About this exercise. All of the data that follows should be given again exactly, without its images.

Information shown.
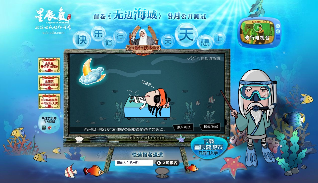 9月开学季来临,天南海北的学子们陆陆续续回到学校,而《星辰变》旗下全球修行学校也已经正式开学。9月6日,全球修行学校(class.sdo.com)首堂正式课程《海洋地理学》正式开讲,为广大修行者们传授《星辰变》即将上线的大型新版本《星辰变首卷.无边海域》修行秘技,用爆笑的授课方式培养新一批熟练掌握海底修行技能的修行者。赶快跟随《海洋地理学》,一起去探寻无边海域的玄奇世界吧。
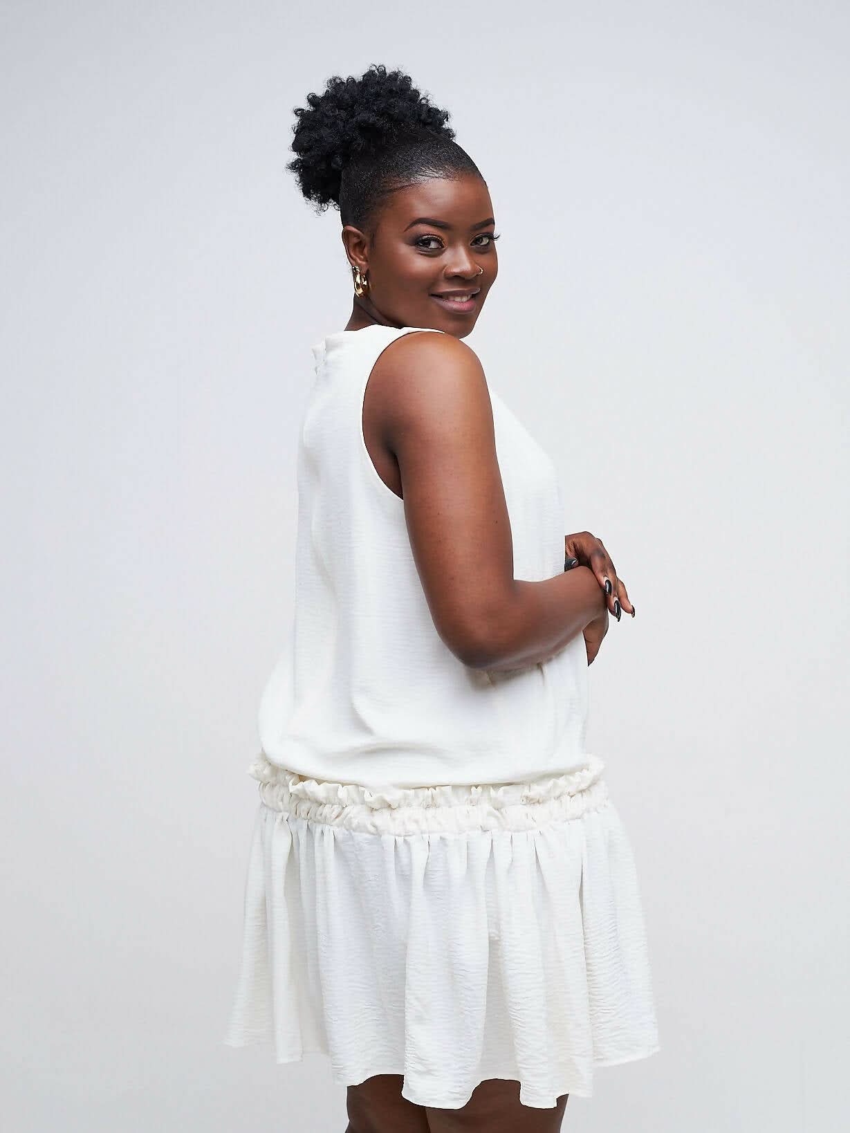 The Pierra dress is an enchanting short dress with gathers detail at the hips, a captivating fusion of textured fabric and soft style. This dress accentuates your curves and exudes feminine elegance with a playful touch.
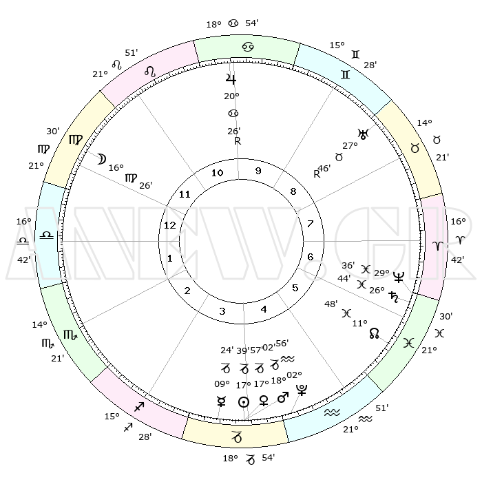 | | ΘΕΣΕΙΣ ΠΛΑΝΗΤΩΝ ΑΣΤΡΟΛΟΓΙΚΟΥ ΧΑΡΤΗ ΤΗΣ ΣΤΙΓΜΗΣ ΑΥΤΗΣ | | | | Πλανήτης | Ζώδιο | Μοίρες | Δεκαήμ. | Σε οίκο | Απόκλιση | | Ακμές των οίκων | | Ηλιος | Αιγόκερως | 16°32' | Δεύτερο | 4 | 22 S 25 | | 1ος | 19°54' | Παρθένος | | Σελήνη | Παρθένος | 02°01' | Πρώτο | 12 | 11 N 27 | | 2ος | 15°42' | Ζυγός | | Ερμής | Αιγόκερως | 07°42' | Πρώτο | 4 | 24 S 22 | | 3ος | 15°42' | Σκορπιός | | Αφροδίτη | Αιγόκερως | 16°35' | Δεύτερο | 4 | 23 S 07 | | 4ος | 18°38' | Τοξότης | | Αρης | Αιγόκερως | 17°12' | Δεύτερο | 4 | 23 S 15 | | 5ος | 21°49' | Αιγόκερως | | Δίας | Καρκίνος | 20°35'R | Τρίτο | 10 | 22 N 06 | | 6ος | 22°39' | Υδροχόος | | Κρόνος | Ιχθείς | 26°39' | Τρίτο | 7 | 03 S 23 | | 7ος | 19°54' | Ιχθείς | | Ουρανός | Ταύρος | 27°48'R | Τρίτο | 9 | 19 N 28 | | 8ος | 15°42' | Κριός | | Ποσειδώνας | Ιχθείς | 29°35' | Τρίτο | 7 | 01 S 23 | | 9ος | 15°42' | Ταύρος | | Πλούτωνας | Υδροχόος | 02°54' | Πρώτο | 5 | 23 S 11 | | 10ος | 18°38' | Δίδυμοι | | Β. Δεσμός | Ιχθείς | 11°52' | Δεύτερο | 6 | 07 S 07 | | 11ος | 21°49' | Καρκίνος | | Ωροσκόπος | Παρθένος | 19°54' | Δεύτερο | | | 12ος | 22°39' | Λέων | | Μεσουράνημα | Δίδυμοι | 18°38' | Δεύτερο | | | |
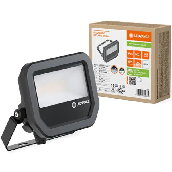 • LEDVANCE LED senzor svetiljka snage 8 W / 6 W, namenjena za priključak na standardnu mrežu 220–240 V sa frekvencijom od 50–60 Hz. Svetiljka ima nominalnu struju od 40 mA za 8 W i 30 mA za 6 W, emituje hladno belo svetlo (Cool White) temperature 4000 K sa svetlosnim tokom od 1200 lm / 850 lm i efikasnošću od 145 lm/W. Dizajnirana je u crnoj boji i pruža pouzdano, energetski efikasno osvetljenje za različite prostorije.
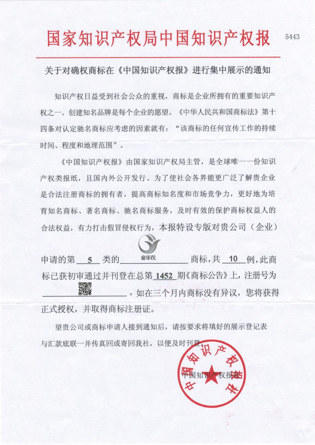 7月22日, 武漢金華農(nóng)生物喜獲國家工商總局頒發(fā)“馳名商標(biāo)”認(rèn)證。經(jīng)國家知識(shí)產(chǎn)權(quán)局授權(quán),中國知識(shí)產(chǎn)權(quán)報(bào)、中國商報(bào)社聯(lián)合對武漢金華農(nóng)生物品牌戰(zhàn)略規(guī)劃、馳名商標(biāo)事項(xiàng)等進(jìn)行專題報(bào)道。
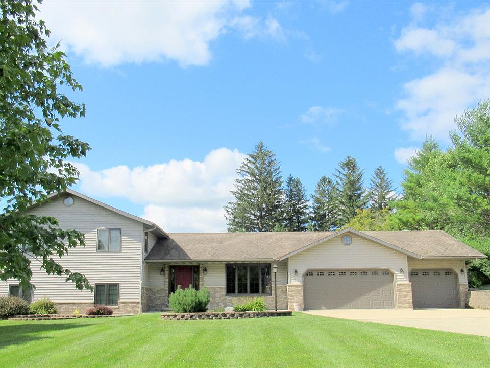 Premium Quality~stick built~home near Bear Creek Golf Course. This property is a very well kept multi-level home that offers a spacious foyer, formal living/music room, kitchen and dining room on the main level w/solid oak floors. Custom built kitchen with ample counter space, an island, feature lighting, pantry and desk center...open to the dining area. Patio Doors lead to 1500 sq ft stamped/stain concrete patio with fireplace/grill space-offering room for outdoor entertaining. The upper level of this home offers three bedrooms and 2 baths. A spacious master bedroom/bath features cathedral ceilings, bay windows, N.G. fireplace. The master bath includes sky light, jetted tub, step in shower, two vanities, ample storage. Each of the other bedrooms offer 4' closets. The Ground level of this home features an office with built ins, a fourth bedroom, and family room featuring N.G. fireplace with oak surround. French doors open to a year round sun room that has in floor heat under ceramic tile. Windows are on all three walls to offer a panoramic view of the back yard. The lowest level of this home offers a Rec Room and mechanical room. This open room has small kitchenette with sink and fridge. Spacious triple garage (with stairway from lowest level) is well insulated and sheet rocked~has drain and electrical for most projects. This home features most of what any family could want! New Construction could not be built with these amenities...for this price. Qualified buyers may call for more information and to set your appointment!
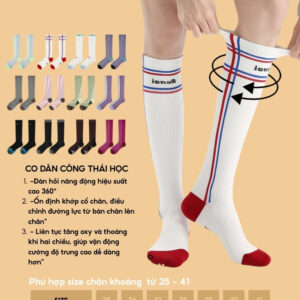 Tất nén bắp chân (graduated compression) giúp hỗ trợ tuần hoàn, giảm rung cơ khi vận động và hạn chế mỏi chân. Phù hợp chạy bộ – gym – tennis – pickleball – yoga – golf – đi làm/đứng lâu.
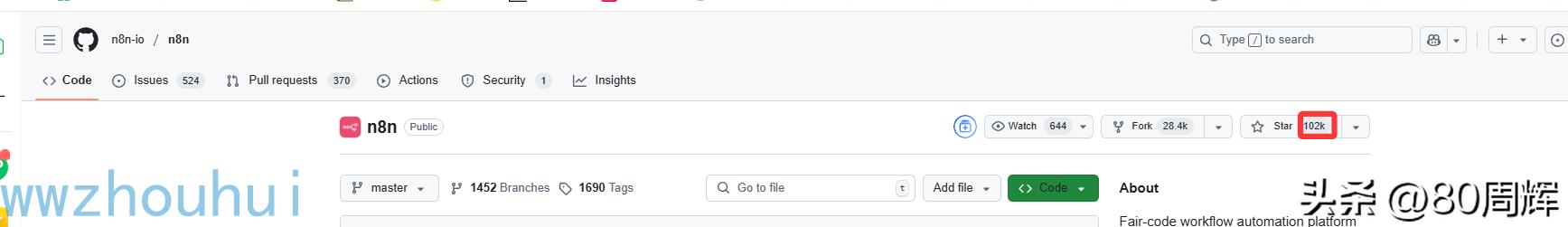 N8N目前发展的速度非常快,在github上目前已经突破100K了,超过dify的start 点赞星了。

Solution to the problem.
 9月开学季来临,天南海北的学子们陆陆续续回到学校,而《星辰变》旗下全球修行学校也已经正式开学。9月6日,全球修行学校(class.sdo.com)首堂正式课程《海洋地理学》正式开讲,为广大修行者们传授《星辰变》即将上线的大型新版本《星辰变首卷.无边海域》修行秘技,用爆笑的授课方式培养新一批熟练掌握海底修行技能的修行者。赶快跟随《海洋地理学》,一起去探寻无边海域的玄奇世界吧。
 The Pierra dress is an enchanting short dress with gathers detail at the hips, a captivating fusion of textured fabric and soft style. This dress accentuates your curves and exudes feminine elegance with a playful touch.
 | | ΘΕΣΕΙΣ ΠΛΑΝΗΤΩΝ ΑΣΤΡΟΛΟΓΙΚΟΥ ΧΑΡΤΗ ΤΗΣ ΣΤΙΓΜΗΣ ΑΥΤΗΣ | | | | Πλανήτης | Ζώδιο | Μοίρες | Δεκαήμ. | Σε οίκο | Απόκλιση | | Ακμές των οίκων | | Ηλιος | Αιγόκερως | 16°32' | Δεύτερο | 4 | 22 S 25 | | 1ος | 19°54' | Παρθένος | | Σελήνη | Παρθένος | 02°01' | Πρώτο | 12 | 11 N 27 | | 2ος | 15°42' | Ζυγός | | Ερμής | Αιγόκερως | 07°42' | Πρώτο | 4 | 24 S 22 | | 3ος | 15°42' | Σκορπιός | | Αφροδίτη | Αιγόκερως | 16°35' | Δεύτερο | 4 | 23 S 07 | | 4ος | 18°38' | Τοξότης | | Αρης | Αιγόκερως | 17°12' | Δεύτερο | 4 | 23 S 15 | | 5ος | 21°49' | Αιγόκερως | | Δίας | Καρκίνος | 20°35'R | Τρίτο | 10 | 22 N 06 | | 6ος | 22°39' | Υδροχόος | | Κρόνος | Ιχθείς | 26°39' | Τρίτο | 7 | 03 S 23 | | 7ος | 19°54' | Ιχθείς | | Ουρανός | Ταύρος | 27°48'R | Τρίτο | 9 | 19 N 28 | | 8ος | 15°42' | Κριός | | Ποσειδώνας | Ιχθείς | 29°35' | Τρίτο | 7 | 01 S 23 | | 9ος | 15°42' | Ταύρος | | Πλούτωνας | Υδροχόος | 02°54' | Πρώτο | 5 | 23 S 11 | | 10ος | 18°38' | Δίδυμοι | | Β. Δεσμός | Ιχθείς | 11°52' | Δεύτερο | 6 | 07 S 07 | | 11ος | 21°49' | Καρκίνος | | Ωροσκόπος | Παρθένος | 19°54' | Δεύτερο | | | 12ος | 22°39' | Λέων | | Μεσουράνημα | Δίδυμοι | 18°38' | Δεύτερο | | | |
 • LEDVANCE LED senzor svetiljka snage 8 W / 6 W, namenjena za priključak na standardnu mrežu 220–240 V sa frekvencijom od 50–60 Hz. Svetiljka ima nominalnu struju od 40 mA za 8 W i 30 mA za 6 W, emituje hladno belo svetlo (Cool White) temperature 4000 K sa svetlosnim tokom od 1200 lm / 850 lm i efikasnošću od 145 lm/W. Dizajnirana je u crnoj boji i pruža pouzdano, energetski efikasno osvetljenje za različite prostorije.
 7月22日, 武漢金華農(nóng)生物喜獲國家工商總局頒發(fā)“馳名商標(biāo)”認(rèn)證。經(jīng)國家知識(shí)產(chǎn)權(quán)局授權(quán),中國知識(shí)產(chǎn)權(quán)報(bào)、中國商報(bào)社聯(lián)合對武漢金華農(nóng)生物品牌戰(zhàn)略規(guī)劃、馳名商標(biāo)事項(xiàng)等進(jìn)行專題報(bào)道。
 Premium Quality~stick built~home near Bear Creek Golf Course. This property is a very well kept multi-level home that offers a spacious foyer, formal living/music room, kitchen and dining room on the main level w/solid oak floors. Custom built kitchen with ample counter space, an island, feature lighting, pantry and desk center...open to the dining area. Patio Doors lead to 1500 sq ft stamped/stain concrete patio with fireplace/grill space-offering room for outdoor entertaining. The upper level of this home offers three bedrooms and 2 baths. A spacious master bedroom/bath features cathedral ceilings, bay windows, N.G. fireplace. The master bath includes sky light, jetted tub, step in shower, two vanities, ample storage. Each of the other bedrooms offer 4' closets. The Ground level of this home features an office with built ins, a fourth bedroom, and family room featuring N.G. fireplace with oak surround. French doors open to a year round sun room that has in floor heat under ceramic tile. Windows are on all three walls to offer a panoramic view of the back yard. The lowest level of this home offers a Rec Room and mechanical room. This open room has small kitchenette with sink and fridge. Spacious triple garage (with stairway from lowest level) is well insulated and sheet rocked~has drain and electrical for most projects. This home features most of what any family could want! New Construction could not be built with these amenities...for this price. Qualified buyers may call for more information and to set your appointment!
 Tất nén bắp chân (graduated compression) giúp hỗ trợ tuần hoàn, giảm rung cơ khi vận động và hạn chế mỏi chân. Phù hợp chạy bộ – gym – tennis – pickleball – yoga – golf – đi làm/đứng lâu.
 N8N目前发展的速度非常快,在github上目前已经突破100K了,超过dify的start 点赞星了。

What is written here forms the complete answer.